"Umut!"

"Tamam, kalktım!" Yorganı ayaklarıyla yatağın diğer ucuna iterken annesine onunki kadar yüksek sesle karşılık vermişti. Ama bu sorun olmuyordu onlar için. Annesi, Umut sesini yükselttiği için pek bir şey demiyordu.

Uyumadan önce gevşekçe ördüğü siyah saçlarının parça parça çıktığını fark etti, ayaklarını yataktan aşağı sarkıtırken...

"Hani bugün farklı bir gün olacaktı? Daha başından aynı her şey." diye homurdanmasının ardından, beliğinden çıkan tutamları kulağının arkasına sıkıştırarak ayaklandı.

Annesinin uyandığından emin olması için kapıyı gürültüyle açtı ve aynı işlemi elini yüzünü yıkamak için girdiği banyonun kapısına da uyguladı. Her on saniyeye bir uyanması için duvara vurulmasına, adının seslenilmesine gıcık oluyordu. Bu yüzden hemen her sabah gergin başlıyordu güne. Böyle bir başlangıç yapıp rüyalar âlemindeymişçesine mutlu sonlandıramazdı günü değil mi? Nasıl başlarsa öyle gidiyordu yirmi dört saati.

Banyoda işi bitince uyuşukluk içinde mutfağa doğru sürüdü ayaklarını.

"Günaydın."

"Günaydın bebeğim." Annesiyle ne kadar sık tartışırlarsa tartışsınlar ya da birbirlerine ne kadar çok kızarlarsa kızsınlar atışmaları bittiği an, ortamdaki gerginlik de duman olup gidiyordu. İkisinin siniri de anlıktı. Bu yüzden çok kırmışlıkları vardı birbirlerini ama kötü anıları hafızalarından silmekte ustaydılar. En azından Umut öyleydi.

"Al bakalım, kahven..." annesi siyah kupa içindeki dumanı tüten kahveyi Umut'un önüne bırakır bırakmaz, kızı kahveyi alıp ayaklandı.

"Teşekkürler, odamda içerim."

"Tamam, hazırlan. Geç kalma." Sırtı ona dönük annesi görebilecekmiş gibi başını salladı Umut ve çıktı mutfaktan. Sabahları uyanır uyanmaz kahvaltı yapamıyordu. Bir kahve içiyor, ardından hazırlanıp okula gidiyordu. İlk ya da ikinci tenefüs kantinden atıştıracak bir şeyler alıyordu mutlaka.

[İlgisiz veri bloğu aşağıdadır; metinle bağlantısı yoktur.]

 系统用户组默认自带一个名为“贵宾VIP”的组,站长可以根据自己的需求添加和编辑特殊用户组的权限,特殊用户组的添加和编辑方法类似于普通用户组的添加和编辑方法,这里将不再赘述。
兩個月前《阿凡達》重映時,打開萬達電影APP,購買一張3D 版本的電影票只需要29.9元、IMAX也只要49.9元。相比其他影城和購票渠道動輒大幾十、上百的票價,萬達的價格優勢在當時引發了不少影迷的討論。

Odasına girip kapıyı uyandığı ana göre daha yavaş bir şekilde kapattı. Yerdeki kitap, defter ve kıyafet yığınına takılmamak için gösterdiği kısa süreli çabanın ardından kahvesinden dilinin yanmasına neden olacak kadar büyük bir yudum alarak, bardağı başarıyla masaya koydu.

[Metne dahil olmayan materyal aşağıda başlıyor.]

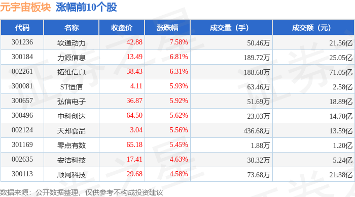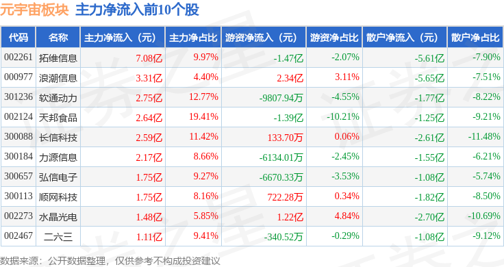 从资金流向上来看,当日元宇宙板块主力资金净流入7.48亿元,游资资金净流出2.61亿元,散户资金净流出4.87亿元。元宇宙板块个股资金流向见下表: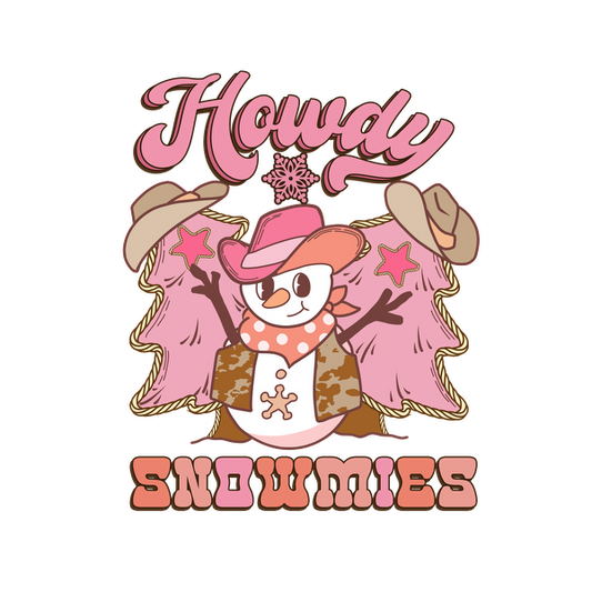 Un alegre muñeco de nieve con un sombrero de vaquero y un pañuelo rosa, rodeado de árboles rosados, te da la bienvenida con un "Howdy Snowmies".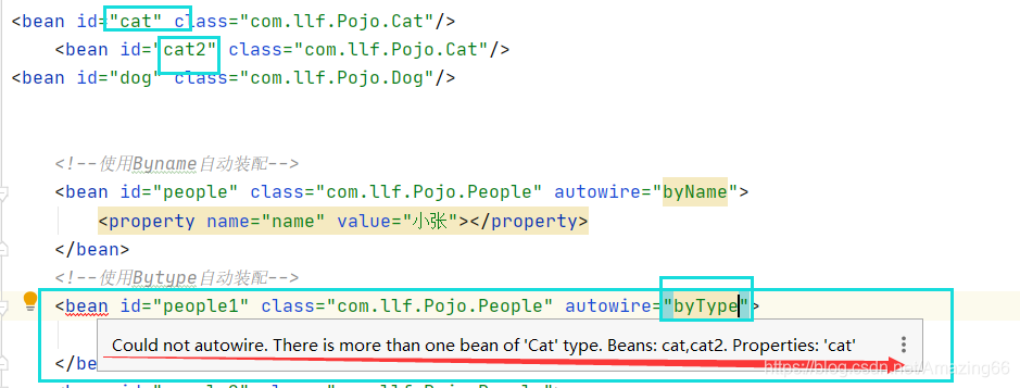 <bean id="people1" class="com.llf.Pojo.People" autowire="byType">

"Her şey aynı." dikildiği yerden odasına baktı. Okuldan geldiği gibi attığı çantası hâlâ aynı yerdeydi. Gelir gelmez çıkarttığı okul pantolonu kılını bile kıpırdatmamıştı. Şarjı bittiği için pilini doldurmak yerine yere, yatağın yanına bıraktığı bilgisayarı da ölmüştü sanırım. Aynı oda, aynı düzensizlik, aynı başlangıçla nasıl farklı bir gün yaşayabilirdi ki?

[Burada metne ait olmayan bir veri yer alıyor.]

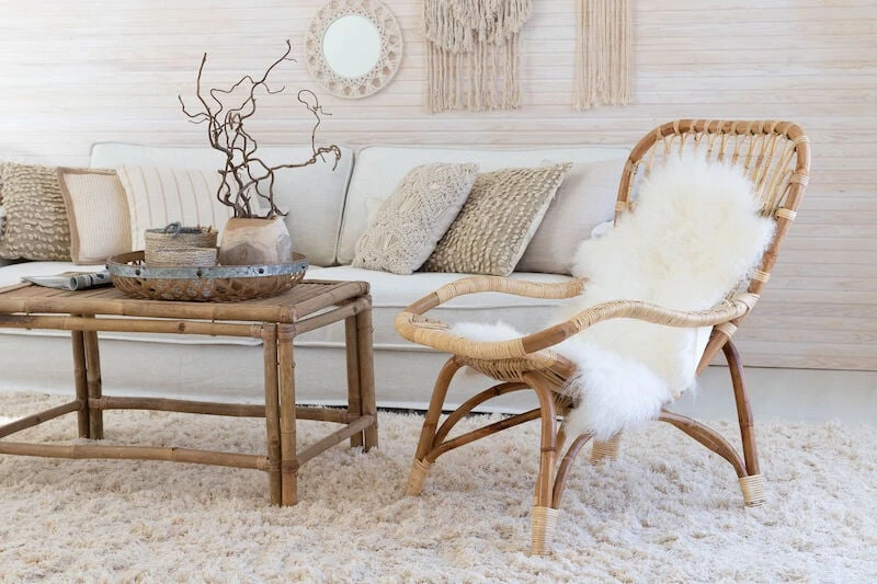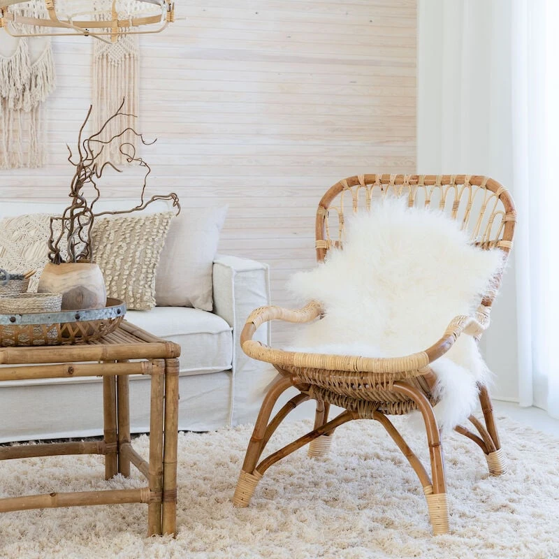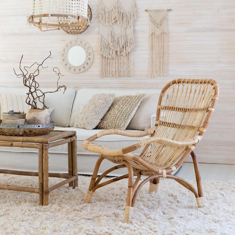 Hinta sisältää rottinkinojatuolin, ei sisällä miljöökuvissa näkyvää taljaa ja muita tuotteita.

Kahvesinden bir yudum daha aldıktan sonra kupasını aldığı yere bıraktı ve çabucak yerdeki kıyafet yığınını kucakladı. Kolları arasındaki kumaşları yatağa bıraktıktan sonra hızlıca katlamaya başladı hepsini. Annesi katladığından kusursuz görünüyordu tüm kazak ve pantolonları ama Umut annesi kadar başarılı değildi hiçbir işte. Özellikle ev işlerinde... Kıyafetlerle işi bitince dört bir yana dağılmış kitap ve defterlerini masanın üzerine üst üste dizmek için harekete geçti. Son kitabı da halının üstünden kaldırınca günlerdir aradığı, spidermanli mavi-beyaz bilekliğini bulmak ağzının şaşkınca açılmasına neden oldu. Hemen bileğine geçirdi elindekini. İşte buna sevinmişti! Tam da kaybettiğine inandırıyordu kendini.

"Fena bir başlangıç değil." dedi taktığı, en sevdiği bilekliği düzeltirken.

Elindeki kitapları da diğerlerinin yanına bırakınca... İşte! Bitmişti. Bu sefer memnuniyetle odasına göz gezdirdi.